Start of Block

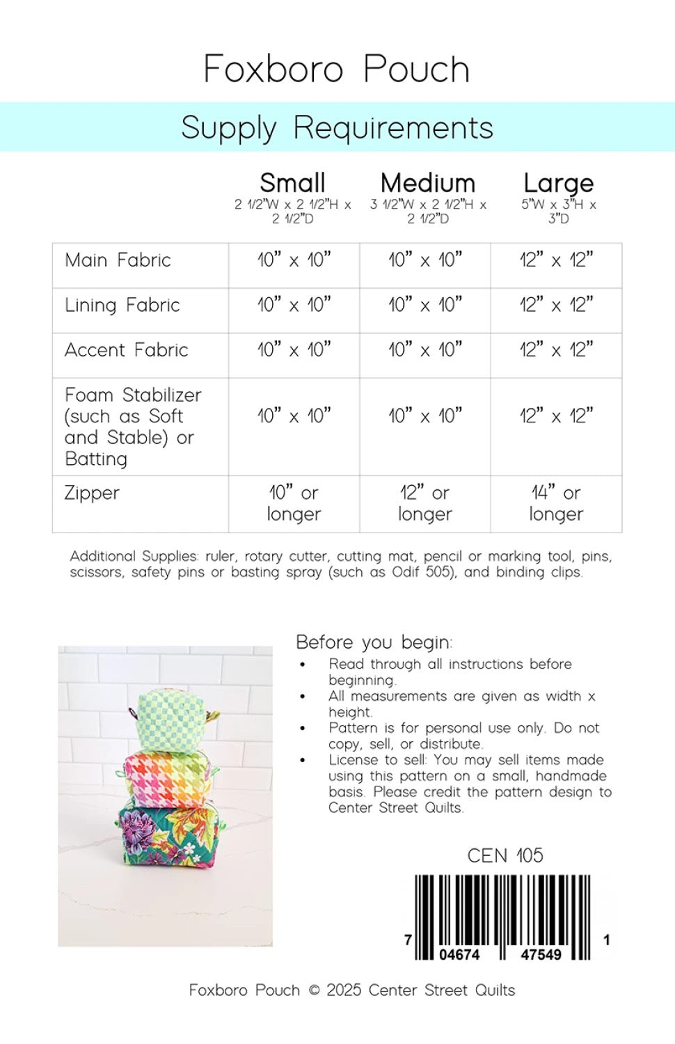 The Foxboro Pouch Pattern is a quilted zipper pouch pattern that includes three size options. These tiny boxy pouches are perfect for storing your tiniest belongings: binding clips, safety pins, spools of thread, small sewing notions, earbuds, a deck of cards, band-aids, makeup, jewelry, etc.
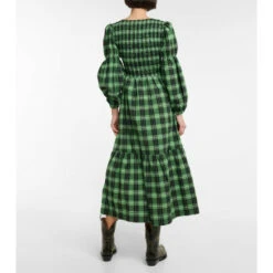 This dress from Ganni features an ornate beaded panel, cutout detailing and an open-back design. It’s made from woven hemp and falls to a midi hem.
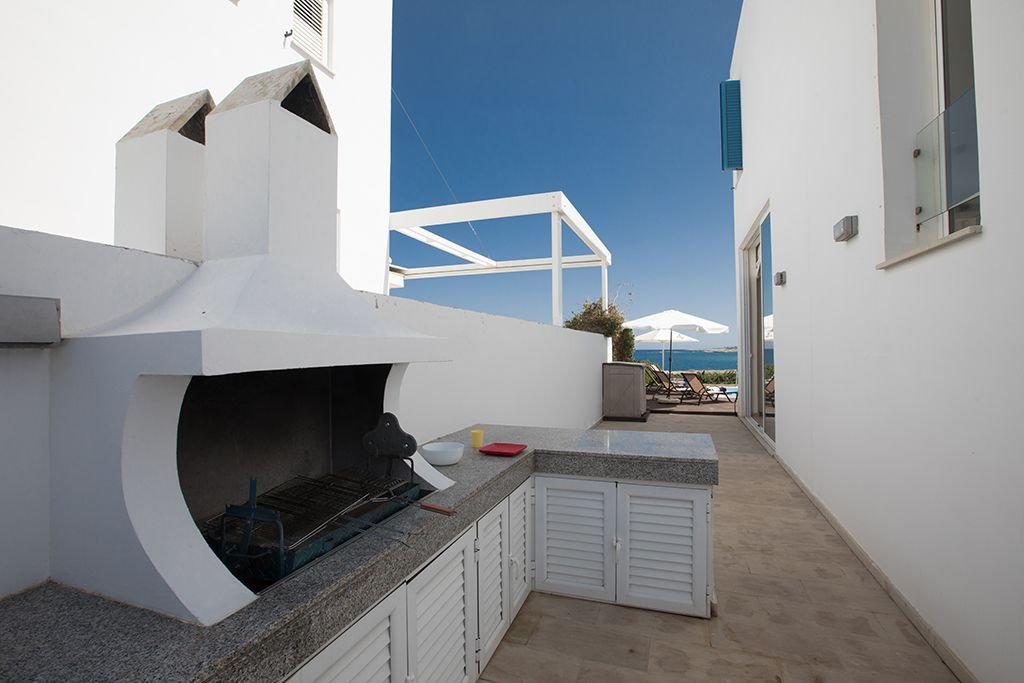 The ground floor of the villa has a large, modern, fully equipped kitchen that has a breakfast bar seating 2 persons and a dining table seating 6 persons. You will also find a large, corner leather sofa overlooking the stunning sea views.

End of Block

- WHAT IS BEING ASKED
Transcribe only the lines from the line holding "This dress from" to the final line of the listing above. Keep them exact, include both ends, and skip the pictures.

- WRITTEN SOLUTION
 This dress from Ganni features an ornate beaded panel, cutout detailing and an open-back design. It’s made from woven hemp and falls to a midi hem.
 The ground floor of the villa has a large, modern, fully equipped kitchen that has a breakfast bar seating 2 persons and a dining table seating 6 persons. You will also find a large, corner leather sofa overlooking the stunning sea views.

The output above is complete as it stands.